▶ **What is needed**:
The expected answer is the data below, printed verbatim without its pictures.

▶ **Collected material**:
- - - -

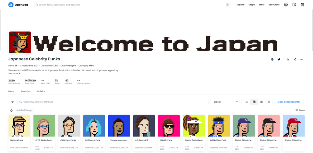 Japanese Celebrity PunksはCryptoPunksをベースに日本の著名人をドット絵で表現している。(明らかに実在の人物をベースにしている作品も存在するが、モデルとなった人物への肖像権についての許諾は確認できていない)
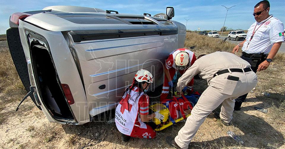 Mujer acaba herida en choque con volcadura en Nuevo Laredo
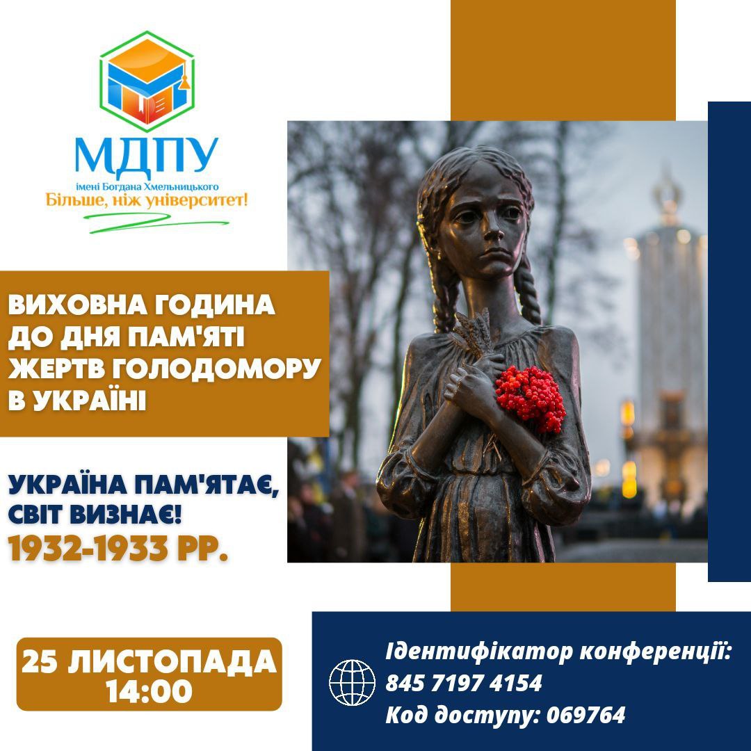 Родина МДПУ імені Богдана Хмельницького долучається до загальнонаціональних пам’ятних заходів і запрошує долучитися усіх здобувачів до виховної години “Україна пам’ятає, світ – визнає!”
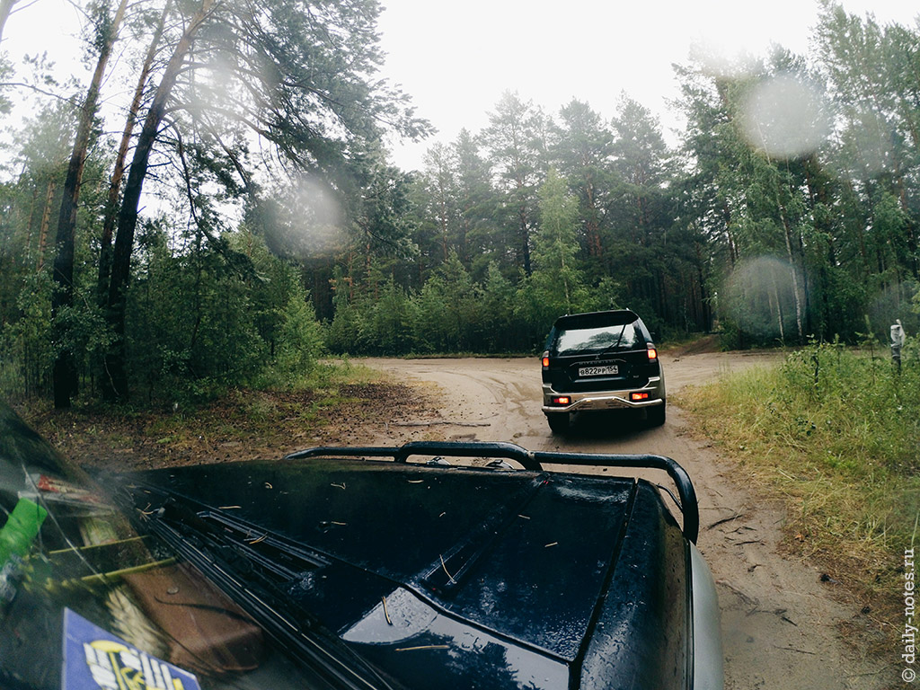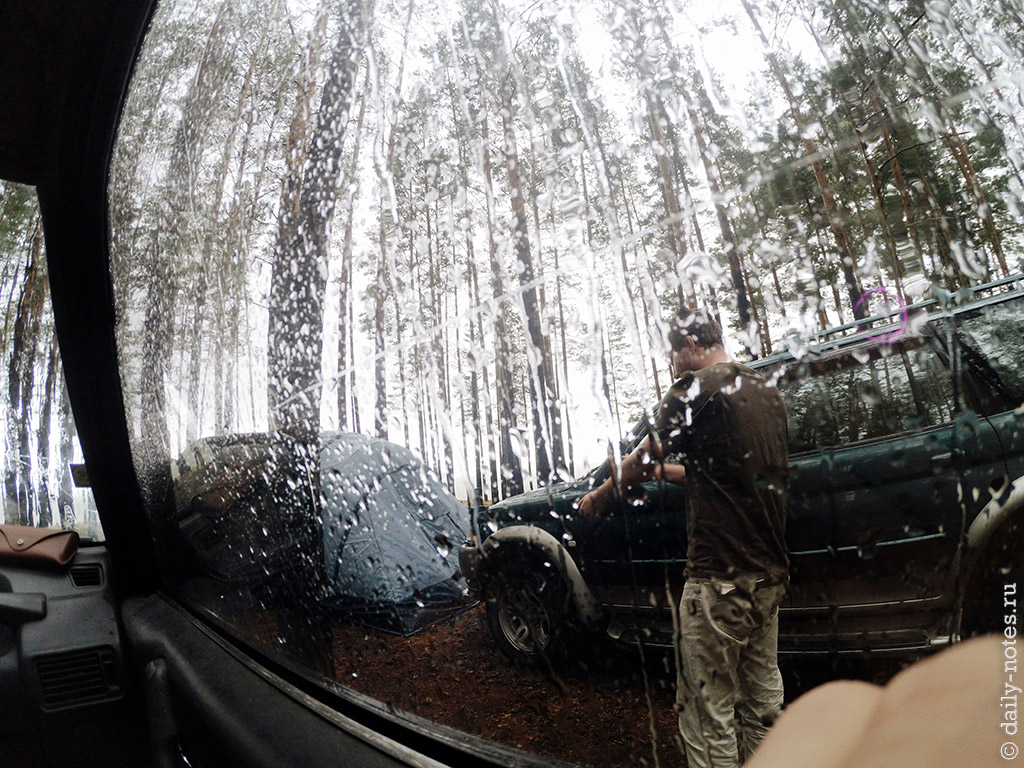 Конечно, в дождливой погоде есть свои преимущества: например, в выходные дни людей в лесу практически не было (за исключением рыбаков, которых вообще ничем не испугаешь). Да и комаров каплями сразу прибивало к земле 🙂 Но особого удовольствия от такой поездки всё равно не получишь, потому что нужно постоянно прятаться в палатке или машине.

- - - -

▶ **Exercise result**:
 Japanese Celebrity PunksはCryptoPunksをベースに日本の著名人をドット絵で表現している。(明らかに実在の人物をベースにしている作品も存在するが、モデルとなった人物への肖像権についての許諾は確認できていない)
 Mujer acaba herida en choque con volcadura en Nuevo Laredo
 Родина МДПУ імені Богдана Хмельницького долучається до загальнонаціональних пам’ятних заходів і запрошує долучитися усіх здобувачів до виховної години “Україна пам’ятає, світ – визнає!”
 Конечно, в дождливой погоде есть свои преимущества: например, в выходные дни людей в лесу практически не было (за исключением рыбаков, которых вообще ничем не испугаешь). Да и комаров каплями сразу прибивало к земле 🙂 Но особого удовольствия от такой поездки всё равно не получишь, потому что нужно постоянно прятаться в палатке или машине.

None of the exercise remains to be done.